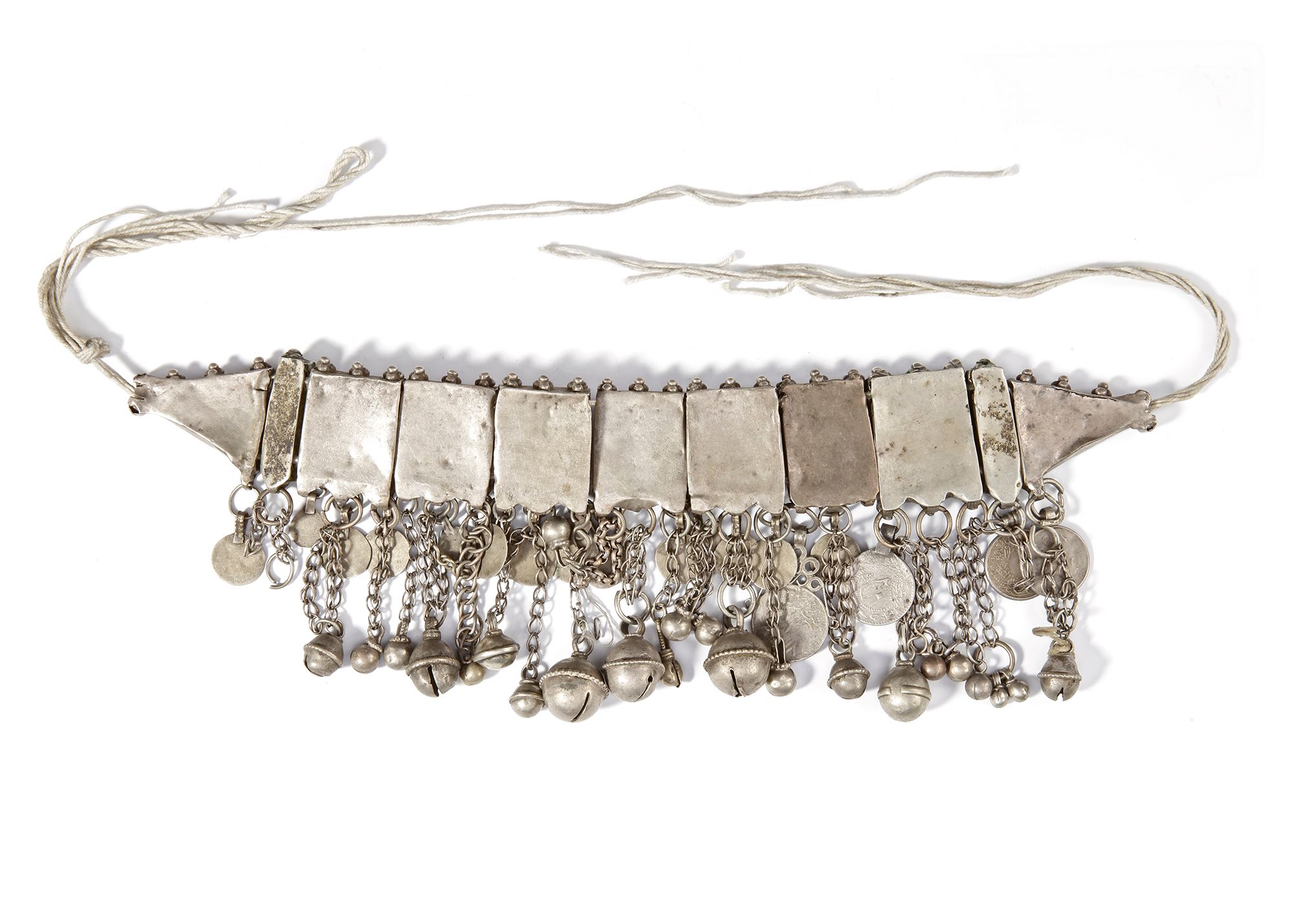 Traditional Yemeni necklace with carnelian stones, coin pendants, and dangling bells, richly crafted in silver.
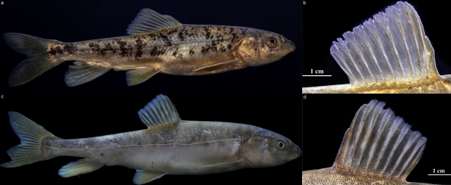 Figure 2. Pictures of S. chengi and S. malacanthus. a. The lateral view of S. chengi. b. Dorsal fin of S. chengi. c. The lateral view of S. malacanthus. d. Dorsal fin of S. malacanthus.
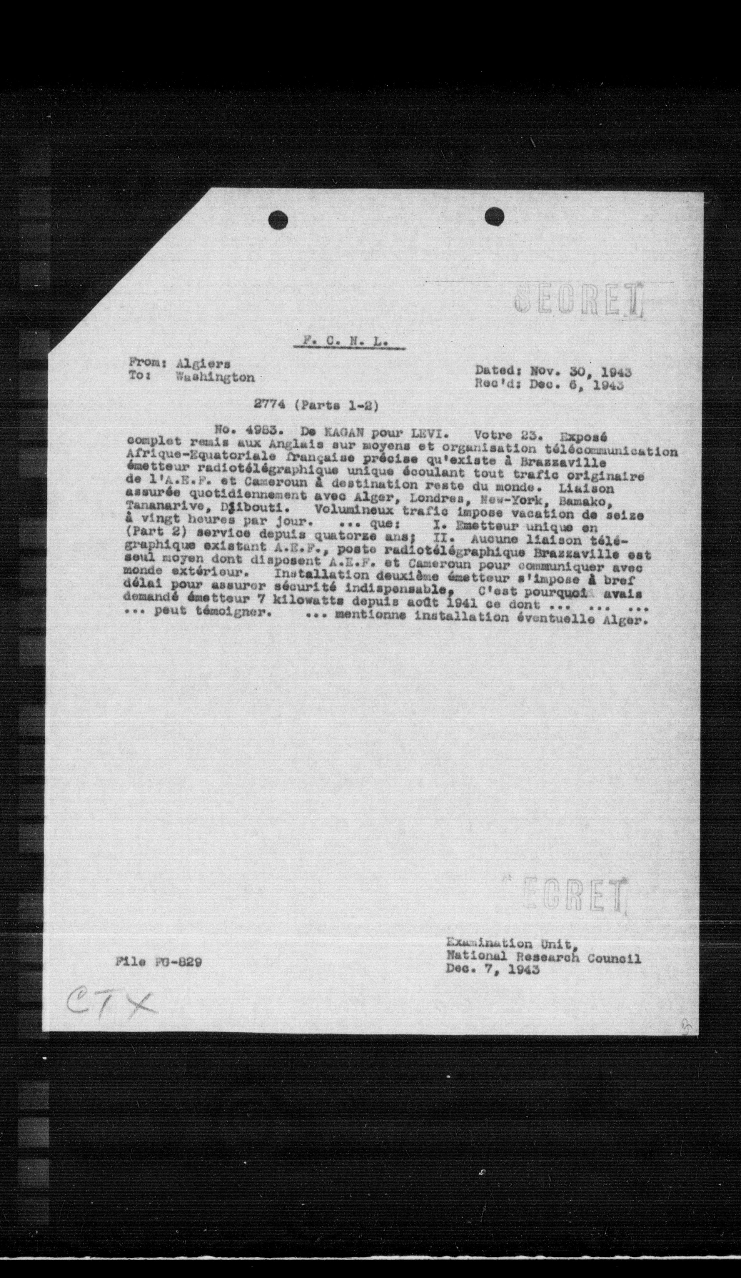 No. 4983. De KAGAN pour LEVI. Votre 23. Exposé complet remis aux anglais sur moyens et organisation telécommunication Afrique-Equatoriale française précise qu'existe à Brazzaville émetteur radiotélégraphique unique écoulant tout trafic originaire de $1^{1} \mathrm{~A} . \mathrm{H} . \mathrm{F}$. et Cameroun à destination reste du monde. Liaison assurée quotidiennement avec Alger, Londres, New-York, Bamako, Tananarive, Djibouti. Volumineux trafic impose vacation de seize a vingt heures par jour. ... que: I. Emetteur unique en (Part 2) service depuis quatorze ans; II. Aucune liaison télégraphique existant A.E.F., poste radiotélégraphique Brazzaville est seul moyen dont disposent A.E.F. et Cameroun pour communiquer avec monde extérieur. Installation deuxième émetteur s'impose a bref délai pour assurer sécurité indispensable. C'est pourquoi: avais demandé émetteur 7 kilowatts depuis août 1941 ce dont ... ... ... ... peut témoigner. ... mentionne installation éventuelle Alger.
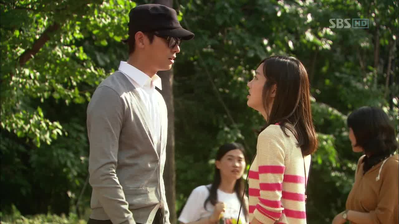 Da-mi looks around the park where Ji-ho was supposed to meet her, crabbing that he probably stood her up again. A tall man wearing shades and a Kangol hat sidles up behind her and asks what the heck she means? He’s been there for ages! Turning around, Da-mi sees that it’s Ji-ho in disguise, as he apologizes for all the trouble yesterday; his mind went crazy and he couldn’t think straight. She starts yelling at him saying how worried she was about him, and he’s all worried about waiting for her? Ji-ho tells her to speak softer so people won’t notice it’s him. Da-mi doesn’t care and rips him a new asshole over why would he want NOT to be seen? It’s not like he was the one that betrayed the Professor… as people stop and point and turn to look at them.
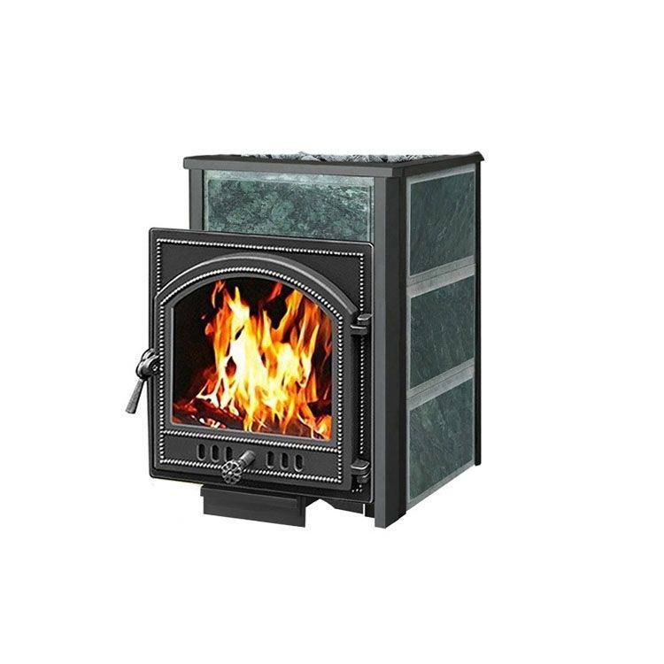 Банная печь имеет качественную облицовку из натурального горного материала змеевика. Конструкция печи применяется для образования горячего пара в русских банях и финских саунах. Изделие изготовлено из прочного чугуна, имеет герметичную топку, конвекционный кожух, выносной тоннель. Топится печь из смежного с парной бокса. Изделие обладает компактными размерами и унифицированным дизайном, отлично вписывается в любой интерьер помещения бани. Печь безопасна в эксплуатации, не требует сложного обслуживания, удобна в применении. Срок эксплуатации банной печи превышает 30 лет.
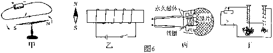 B.乙:闭合开关,小磁针N极向左偏转
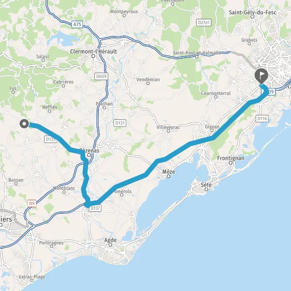 Continuer D13 D30 (Avenue de Pézenas) sur 750 mètres
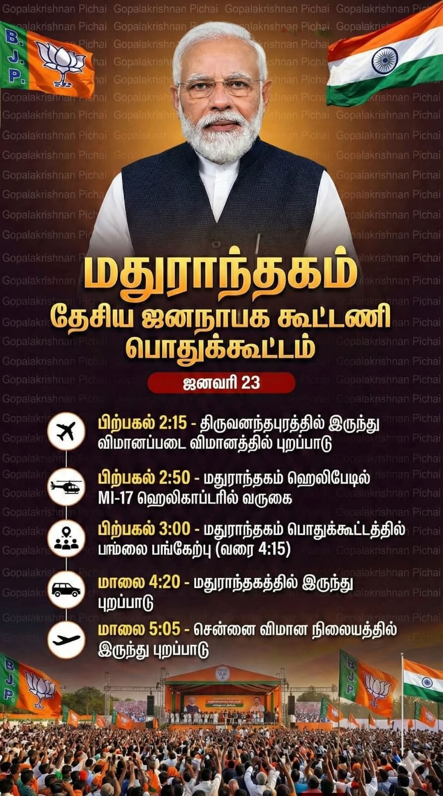 பிற்பகல் 3 : மதுராந்தகம் கூட்டத்தில் பங்கேற்கிறார்; 4.15 மணி வரை பொதுக்கூட்டம் நடைபெறுகிறது
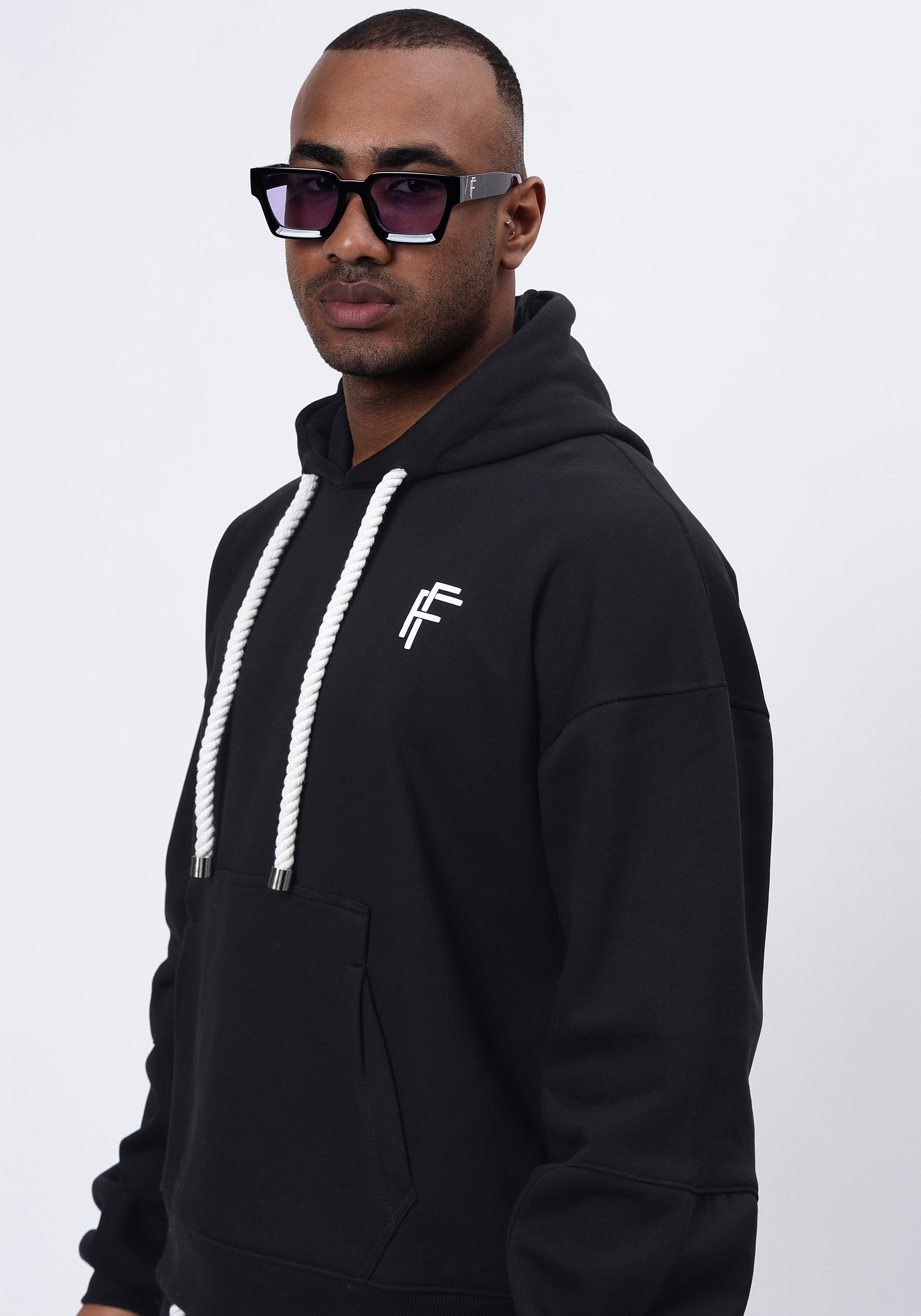 This signature hoodie features the iconic regent’s cord with metallic detailing in gunmetal grey. It is crafted from heavyweight fabric with luxurious fleece on the inside. It features the Stacked shield monogram in 3D along with special stitch detailing on the elbows. The pockets feature a special pleat.
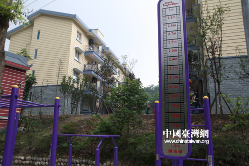 石碑新村擁有完善的配套公共服務(wù)設(shè)施。村口就是公共健身場所,在城市里已經(jīng)非常普及的簡易健身器材如今也在這里為村民服務(wù)。(中國臺灣網(wǎng) 田云鵬 攝)
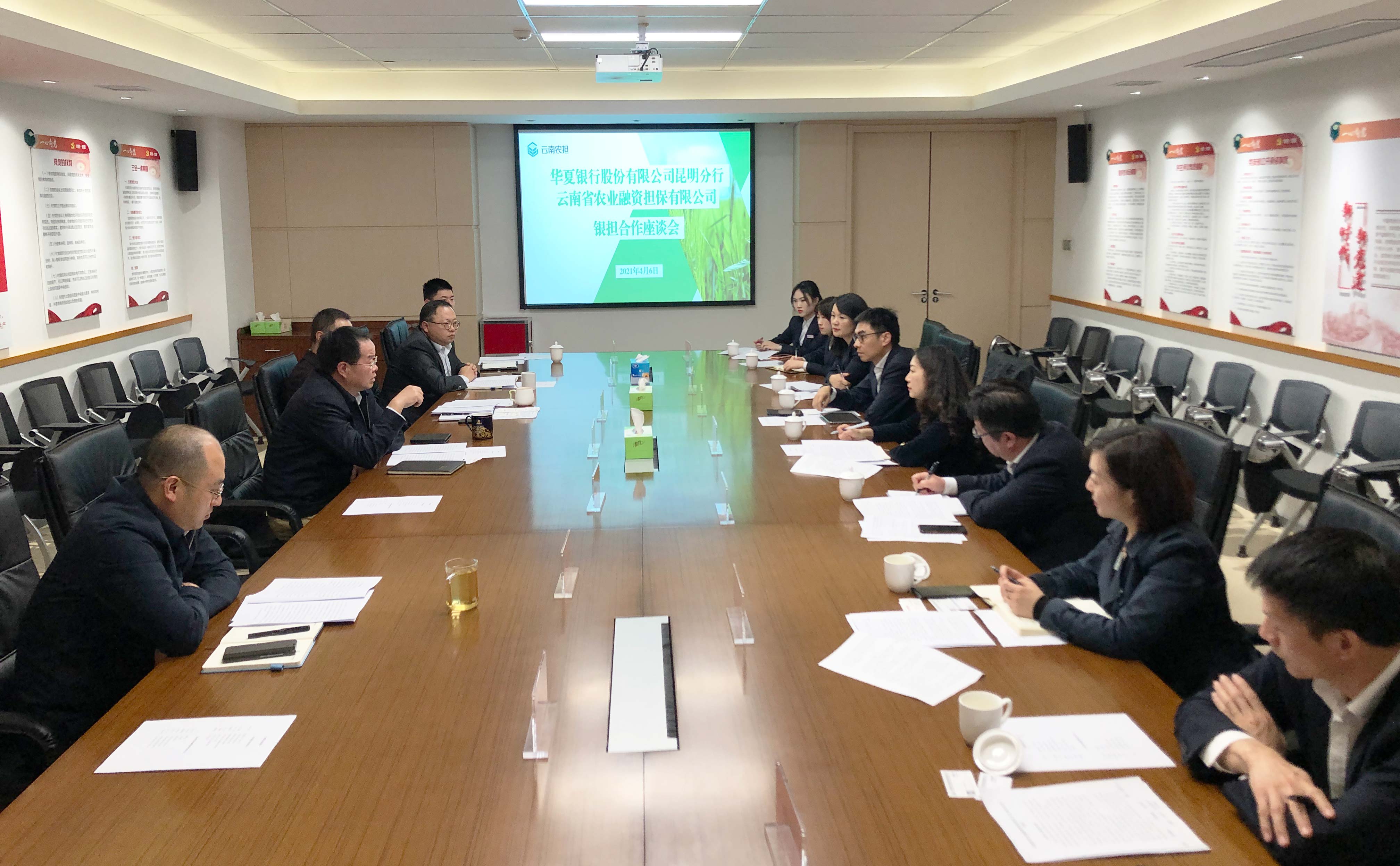 4月6日,云南農(nóng)擔與華夏銀行昆明分行召開銀擔合作座談會。華夏銀行季少青副行長攜授信審批部、普惠金融部、公司業(yè)務部、供應鏈業(yè)務金融部和金江支行負責人等參加會議。農(nóng)擔公司董事長杜開波、總經(jīng)理李世偉、副總經(jīng)理廖寅皓,業(yè)務發(fā)展部、風險控制部、戰(zhàn)略發(fā)展部和昆明專營中心負責人參會。

_____

> WHAT YOU SHOULD DO
Of the records above, print only the lines from the one containing "B.乙:闭合开关,小磁针N极向左偏转" through the one containing "பிற்பகல் 3 : மதுராந்தகம்", inclusive and unaltered, leaving out pictures.

> REPLY TO THE TASK
 B.乙:闭合开关,小磁针N极向左偏转
 Continuer D13 D30 (Avenue de Pézenas) sur 750 mètres
 பிற்பகல் 3 : மதுராந்தகம் கூட்டத்தில் பங்கேற்கிறார்; 4.15 மணி வரை பொதுக்கூட்டம் நடைபெறுகிறது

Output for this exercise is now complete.